Torque Simply Explained

The torque \( \class{green}{\boldsymbol{M}} \) is defined as follows:

Vectorial definition of the torque via the cross product

\class{green}{\boldsymbol{M}} ~=~ \boldsymbol{r} ~\times~ \boldsymbol{F}

The torque is the cross product of lever-arm length \( \boldsymbol{r} \) and force \( \boldsymbol{F} \).

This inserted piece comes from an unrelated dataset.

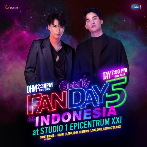 Ohm Pawat and Tay Tawan are finally visiting Jakarta for GMMTV FANDAY 5 in INDONESIA. After being held in Japan and South Korea earlier this year, the GMMTV FANDAY 5 marks the first GMMTV FANDAY held in Southeast Asia and Tay Tawan‘s first fan meeting visit to Jakarta. GMMTV FANDAY 5 will occur at Studio 1 Epicentrum XXI on 1 July 2023. Unlike other fan meetings, GMMTV and LUMINA ENTERTAINMENT will hold two fan meeting events in one day, starting with a fan meeting with Ohm Pawat at 14:30 WIB and followed by a fan meeting with Tay Tawan at 19:00 WIB.

Because of the cross product the torque vector is always perpendicular to \( \boldsymbol{r} \) and \( \boldsymbol{F} \)! Its magnitude \( |\boldsymbol{r}\times \boldsymbol{F}| = \class{green}{M}\) is the area spanned by the vectors \( \boldsymbol{r} \) and \( \boldsymbol{F} \).

Cross product of any two vectors \(\boldsymbol{a}\) and \(\boldsymbol{b}\).

The magnitude of the torque, according to the definition of the cross product, is given by the following formula:

Magnitude of the torque

\class{green}{M} ~=~ r \, F \, \sin(\varphi)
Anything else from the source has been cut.